There is a lot of buzz going around twitter and the blogosphere the last couple of days around the future of AS3 and what the community wants. These discussions include Joa Ebert’s post on community contribution, language extensions and compiler performance, Nicolas Cannasse’s (author of the Haxe programming language) post on AS3 as a failed language and Andre Michelle’s post adding to the earlier two.
All the above posts do have valid points even if they are rather sensationally titled, though calling AS3 a failed language would be stretching it considering how many of us use it and do fairly complicated things with it even if typing “addEventListener” is a pain in the ass. The flip side to the above arguments come from Peter Elst’s post Making the case for ActionScript.
So here are my takes on the topic:
- AS3 has not failed but is definitely gotten more verbose as painful to type. Traditionally ActionScript seemed to suffer from a love affair with Java which is probably why Java/C# developers do not see the points here. However the new fashionable languages are a lot less verbose and draw a lot of attraction on that front.
- A lot of twitter conversation at this moment is talking about decoupling the AS3 language from the ActionScript Virtual Machine, and that would be cool, you could write Flash apps in a language you feel is cleaner. Alchemy enables this with C++ code, could probably be extended. For me the excitement isnt about compiling Python to the Flash Byte code but rather leveraging the language specific libraries I could use with my apps.
- I had already blogged how AS3 has gotten a bit slower to work with than AS2. Adobe should look at the mistakes people are making everyday and improve either the language or the tooling (like maybe Flash Builder could warn you if you created a displayobject but never added it as a child). Simpler constructs for everyday things like getURL, loadXML would realllly help. This could be done with a framework that wraps lower level calls, but its a pain to add a swc to a classpath that I could do without.

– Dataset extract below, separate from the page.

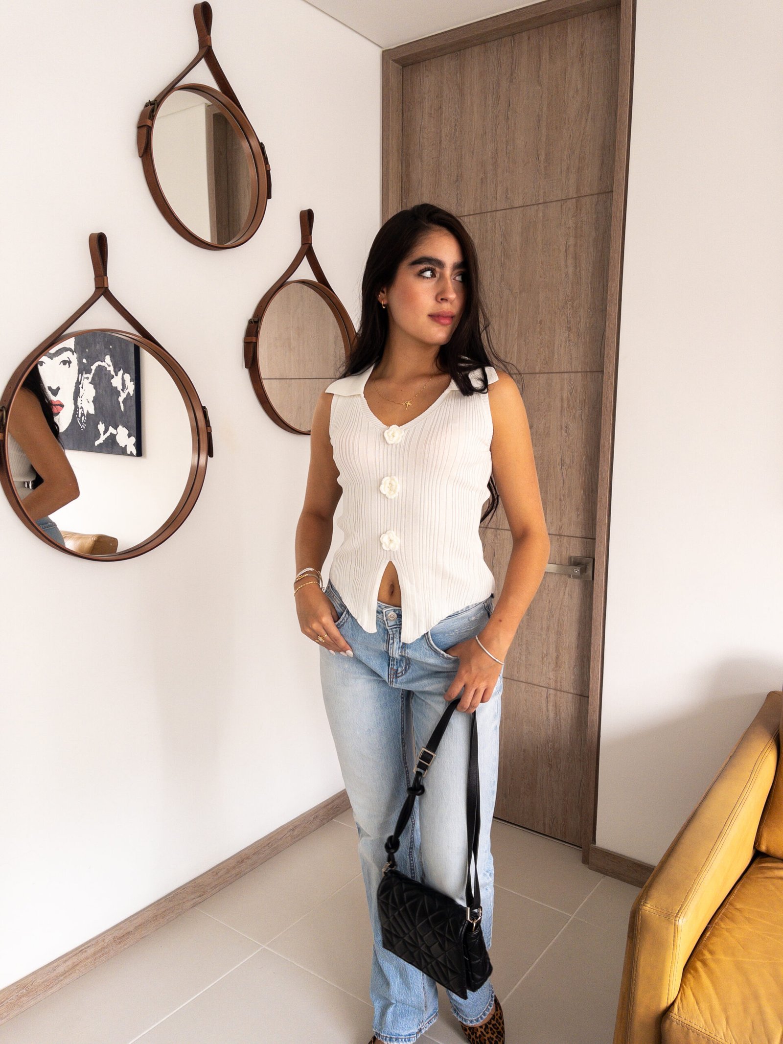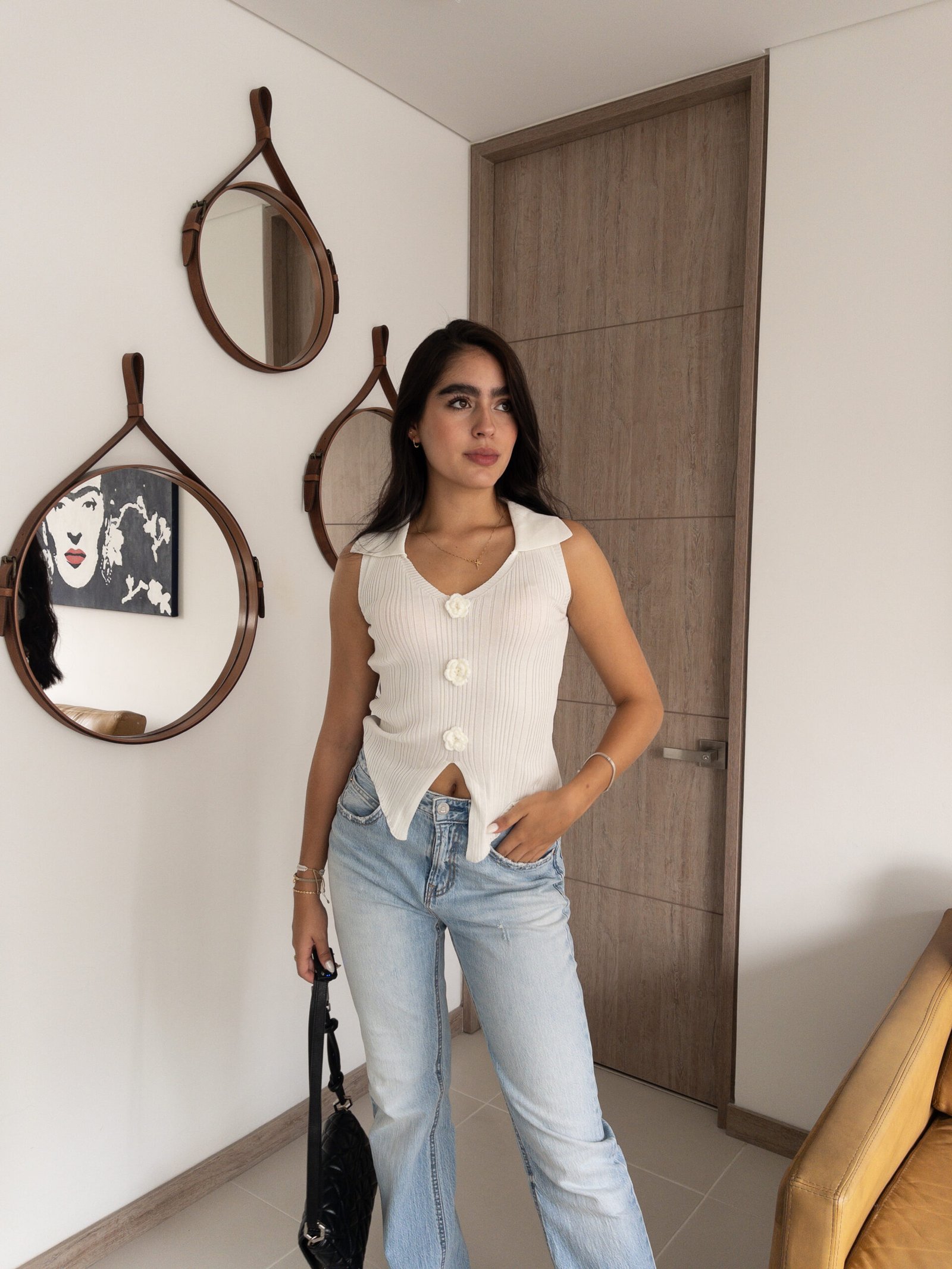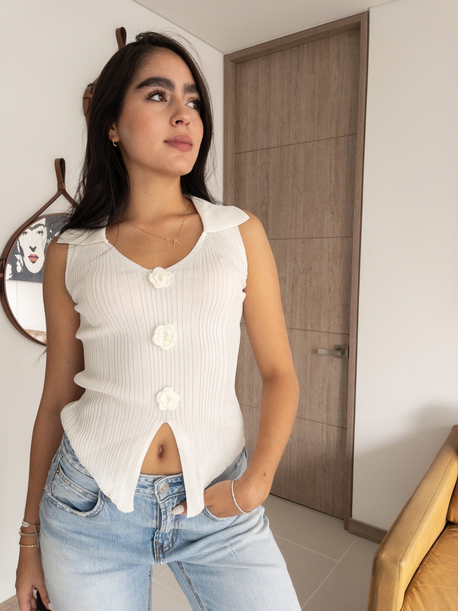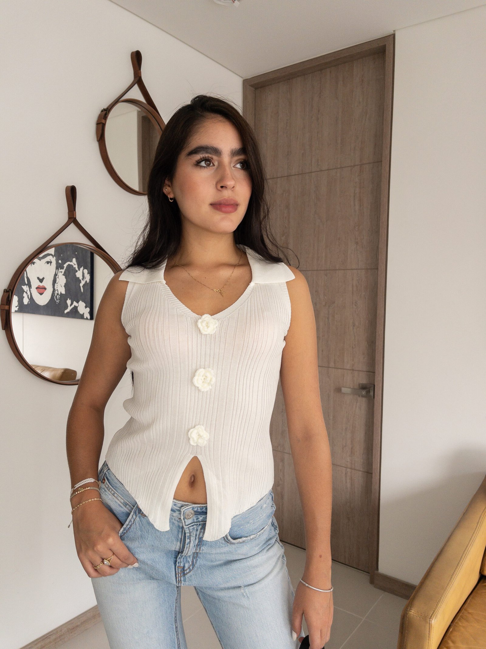 El chaleco tejido sin mangas con cuello camisero y pequeñas flores bordadas al frente es la definición perfecta de sofisticación y atención al detalle. Su diseño equilibrado, que combina delicadeza y estilo, lo convierte en una prenda esencial para quienes buscan realzar sus looks diarios con un toque único. Las flores bordadas añaden un aire fresco y femenino, garantizando un estilo que nunca pasa desapercibido.

- Finally, lets have Adobe concentrate on features than language aesthetics. Take a look at how ugly Objective C is and you’d know we dont have it so bad. And yet, the language would not be the deterrant for me to write an iPhone app. So Adobe, I’d much rather get some player level features, and better performance for sure.
Oh and my big request of the Adobe peeps:
Adopt a secondary language and integrate well with it, especially AIR. AS3 will never have the libraries I would like to use, so if there could be a way to leverage Python or something as well on the desktop at least, that would be great. I am right now looking at TitaniumApp for some apps I wish I could have done in AIR.